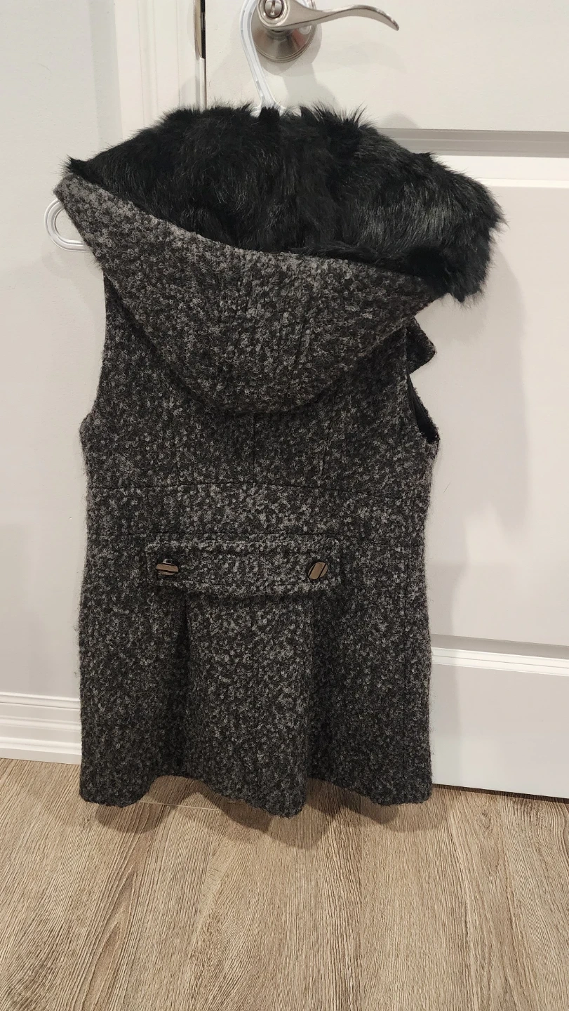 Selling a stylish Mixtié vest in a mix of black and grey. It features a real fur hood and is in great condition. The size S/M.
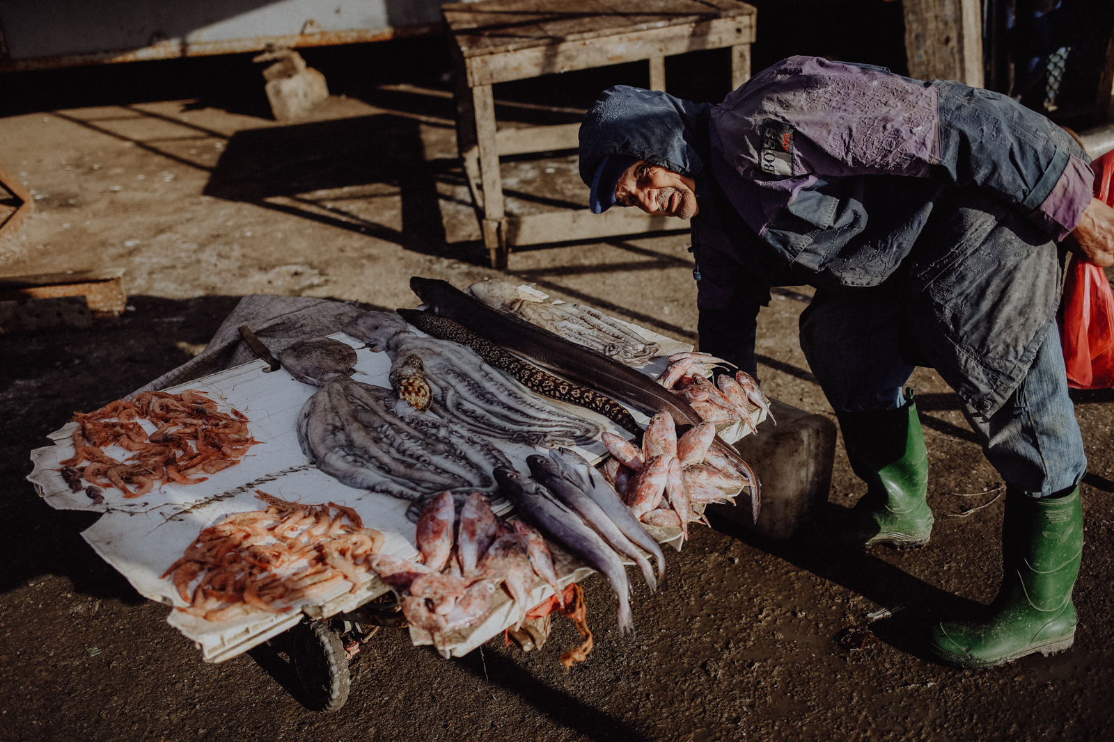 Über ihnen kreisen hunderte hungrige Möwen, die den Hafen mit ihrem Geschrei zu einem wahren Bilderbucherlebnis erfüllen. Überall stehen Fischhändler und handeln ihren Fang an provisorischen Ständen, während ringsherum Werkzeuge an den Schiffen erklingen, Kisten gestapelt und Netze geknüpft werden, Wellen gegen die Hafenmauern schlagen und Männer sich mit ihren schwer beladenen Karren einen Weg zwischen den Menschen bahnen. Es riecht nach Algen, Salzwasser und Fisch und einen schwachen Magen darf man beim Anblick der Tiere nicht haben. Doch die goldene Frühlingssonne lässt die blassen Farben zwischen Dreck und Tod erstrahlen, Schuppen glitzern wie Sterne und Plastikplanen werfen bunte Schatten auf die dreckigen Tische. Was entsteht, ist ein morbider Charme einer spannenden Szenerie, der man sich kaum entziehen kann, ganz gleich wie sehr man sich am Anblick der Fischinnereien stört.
...
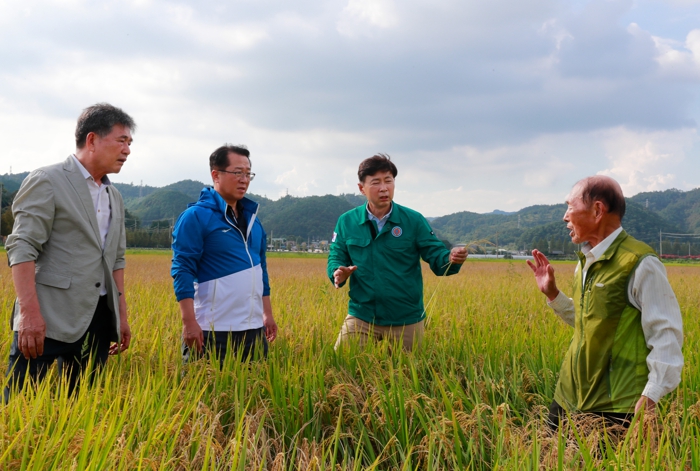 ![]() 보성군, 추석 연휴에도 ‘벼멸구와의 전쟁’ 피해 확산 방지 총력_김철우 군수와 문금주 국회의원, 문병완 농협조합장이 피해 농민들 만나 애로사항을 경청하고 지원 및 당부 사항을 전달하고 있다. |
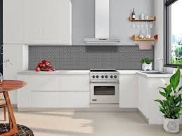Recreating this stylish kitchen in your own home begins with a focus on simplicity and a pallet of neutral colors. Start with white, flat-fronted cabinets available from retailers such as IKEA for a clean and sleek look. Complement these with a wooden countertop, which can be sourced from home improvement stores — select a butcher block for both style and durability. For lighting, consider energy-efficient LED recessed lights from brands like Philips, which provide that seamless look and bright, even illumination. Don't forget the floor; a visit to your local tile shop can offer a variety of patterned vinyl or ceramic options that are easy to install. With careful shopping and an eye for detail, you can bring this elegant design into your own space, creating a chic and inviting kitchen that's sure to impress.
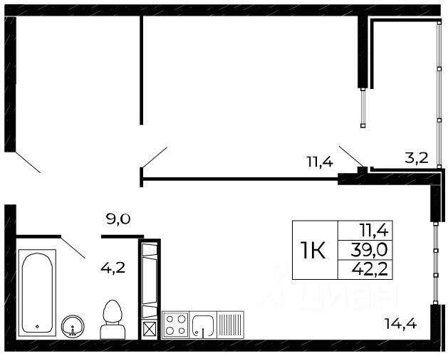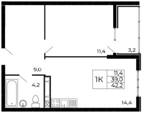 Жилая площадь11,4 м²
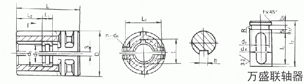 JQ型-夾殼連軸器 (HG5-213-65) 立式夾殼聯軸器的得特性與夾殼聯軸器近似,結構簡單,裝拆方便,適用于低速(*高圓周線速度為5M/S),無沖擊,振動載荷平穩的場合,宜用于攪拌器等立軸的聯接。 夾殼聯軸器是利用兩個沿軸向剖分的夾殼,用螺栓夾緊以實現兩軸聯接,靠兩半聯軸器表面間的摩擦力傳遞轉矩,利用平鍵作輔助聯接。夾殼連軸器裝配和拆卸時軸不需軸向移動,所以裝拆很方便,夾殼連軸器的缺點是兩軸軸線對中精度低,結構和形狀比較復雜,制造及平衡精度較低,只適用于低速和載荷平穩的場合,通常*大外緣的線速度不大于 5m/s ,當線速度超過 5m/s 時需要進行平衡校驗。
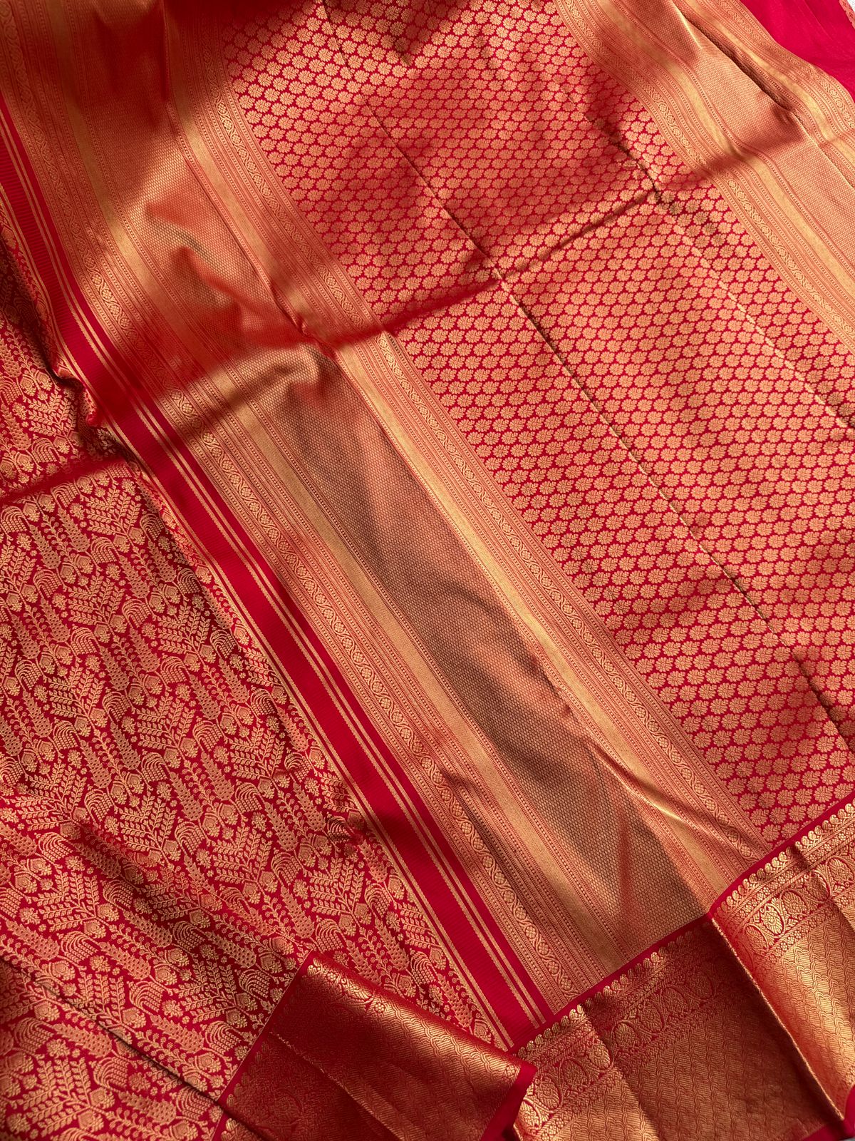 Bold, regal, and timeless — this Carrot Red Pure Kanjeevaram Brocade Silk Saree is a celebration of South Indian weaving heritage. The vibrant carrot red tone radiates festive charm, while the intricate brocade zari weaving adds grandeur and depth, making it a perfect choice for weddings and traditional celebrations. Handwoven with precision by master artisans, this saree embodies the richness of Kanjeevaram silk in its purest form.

## WHAT THIS TASK INVOLVES:
Only one stretch of the listing is wanted: the lines starting at the one with "Жилая площадь11,4 м²" and ending at the one with "Bold, regal, and", copied exactly and free of pictures.

## SOLUTION TO THIS EXERCISE:
 Жилая площадь11,4 м²
 JQ型-夾殼連軸器 (HG5-213-65) 立式夾殼聯軸器的得特性與夾殼聯軸器近似,結構簡單,裝拆方便,適用于低速(*高圓周線速度為5M/S),無沖擊,振動載荷平穩的場合,宜用于攪拌器等立軸的聯接。 夾殼聯軸器是利用兩個沿軸向剖分的夾殼,用螺栓夾緊以實現兩軸聯接,靠兩半聯軸器表面間的摩擦力傳遞轉矩,利用平鍵作輔助聯接。夾殼連軸器裝配和拆卸時軸不需軸向移動,所以裝拆很方便,夾殼連軸器的缺點是兩軸軸線對中精度低,結構和形狀比較復雜,制造及平衡精度較低,只適用于低速和載荷平穩的場合,通常*大外緣的線速度不大于 5m/s ,當線速度超過 5m/s 時需要進行平衡校驗。
 Bold, regal, and timeless — this Carrot Red Pure Kanjeevaram Brocade Silk Saree is a celebration of South Indian weaving heritage. The vibrant carrot red tone radiates festive charm, while the intricate brocade zari weaving adds grandeur and depth, making it a perfect choice for weddings and traditional celebrations. Handwoven with precision by master artisans, this saree embodies the richness of Kanjeevaram silk in its purest form.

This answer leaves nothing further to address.